Mutual aid funds simply “do not have the scale to substitute for the federal government doing what it should,” Lower-Basch told me.
Yet Salvador Sarmiento, NDLON’s national campaign director, makes clear that for immigrant workers, COVID-19 is compounding existing vulnerabilities, creating an “existential crisis that translates into a matter of life and death for a lot of workers.” It is “not an understatement to say that [mutual aid] funds have literally saved lives when you have workers that are 60 or 70 years old having to go out to look for work because they do not have a disposable income,” he said.
For organizations like Cosecha and NDLON, waiting for the inclusion of undocumented immigrants in state and federal relief programs is not an option. As Sarmiento told me, “It was very clear to us that no one was going to come and save us, so it was necessary for us … to start fundraising to make sure we can help each other out.” In the worker centers, they have a saying: solo el pueblo, salva el pueblo—only the people will save the people.
The $2 trillion CARES Act, which provided unemployment relief and a stimulus check, excluded the undocumented community entirely.
A comprehensive solution to the problem has been elusive.
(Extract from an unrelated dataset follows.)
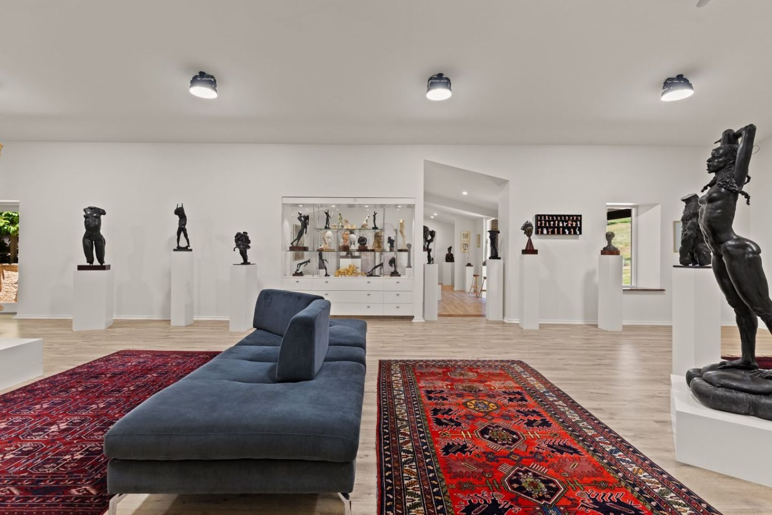 Title One – Approximately 6,448 sqm. Occupying a prominent corner position, this title features a spacious, well-appointed family residence complemented by a purpose-built art gallery. Perfectly suited to an art enthusiast or collector, the gallery space could just as easily be reimagined as a stunning showroom for a classic car collection or, subject to planning consent (STPC), as additional accommodation or a bespoke studio retreat.
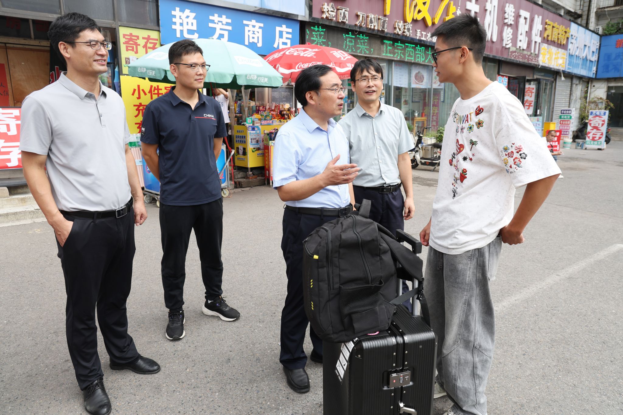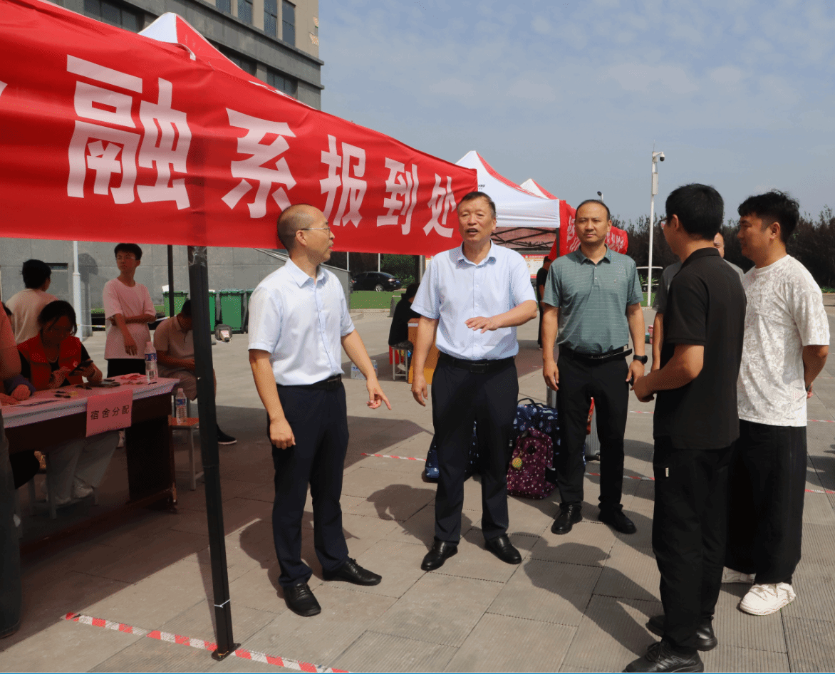 校领导王庆兵、刘全永、胡铁柱、王洪亮、马金友、王莉华、乐玉忠带领相关职能部门负责人深入各学院迎新接待点,细致察看新生报到情况,亲切慰问迎新一线的工作人员和志愿者,与新生及家长热情交流。王庆兵要求各部门、各学院要以高度的责任心,为新生提供周到细致的服务,始终坚持以学生为中心,确保各项工作落实到位,让新生从入学第一天就感受到“家”的温暖。在交谈中他勉励同学们尽快完成角色转变,适应新环境,融入新集体,珍惜大学时光,勤奋学习、全面发展,成就属于新时代青年的青春华章。

On June 18, the Supreme Court ruled that the Trump administration did not act legally in canceling the Obama-era DACA program in 2017. Some from the immigrant community see this decision as an important short-term victory, while more broadly expressing concern over DACA.
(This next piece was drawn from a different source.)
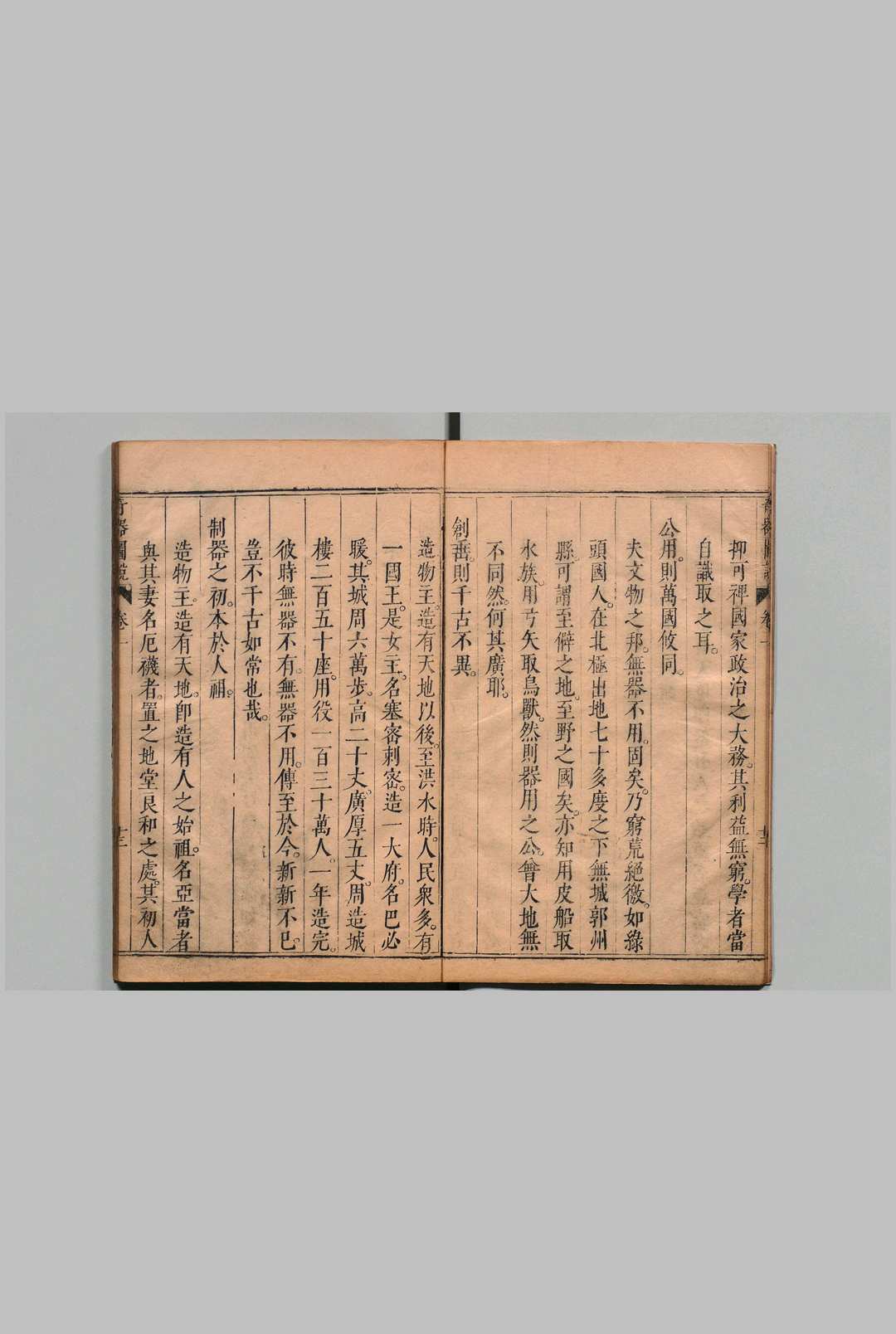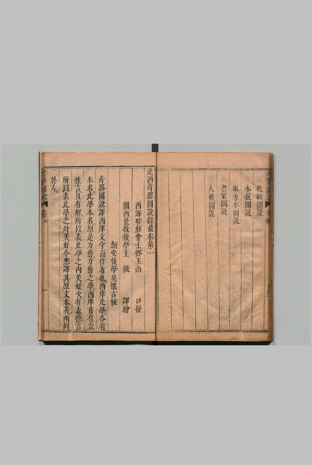 《远西奇器图说录最》于天启七年在北京成书,共分三卷:第一卷叙述力学基本知识与原理,包括地心引力、重心、各种几何图形重心的求法、重心与稳定性的关系、各种物体的比重、浮力等。阿基米得浮力原理也首次被介绍给中国;第二卷为器解,讲述各种简单机械的原理,如天平、杠杆、滑轮、轮盘、螺旋和斜面等;第三卷介绍各种实用机械,共五十四幅图说,包括起重十一图,引重四图,转重二图,取水九图,转磨十五图,解木四图,解石、转碓、书架、水日晷、代耕各一图,水铳四图。

“Politically, it creates divisions,” Lowe told me, as it responds to a question of its own making—who is the better immigrant?—by introducing a generational cleavage, favoring undocumented youth over their parents. It also creates insecurity by putting beneficiaries in a state of limbo, unsure of whether their permit will be renewed in two years.
Dr. Margarita Alegría, a professor in the Departments of Medicine and Psychiatry at Harvard Medical School, told me that “immigrant youth have to navigate their own culture of origin with the host country,” and their ability to navigate these two poles of social identity “has tremendous implications for their emotional and behavioral health.” Yet, many undocumented immigrants live under threat, and do not seek services due to fear of exposing their status. Ultimately, existing in limbo and in fear of deportation contributes to social isolation, economic insecurity, and health disparities.
Cosecha sees the solution as permanent protection for all undocumented immigrants. The lack of an adequate response at the state and federal levels of government during COVID-19 renews the case for a more permanent solution that would remove the division of authorized versus unauthorized status as the deciding factor of who has a right to government relief during an emergency.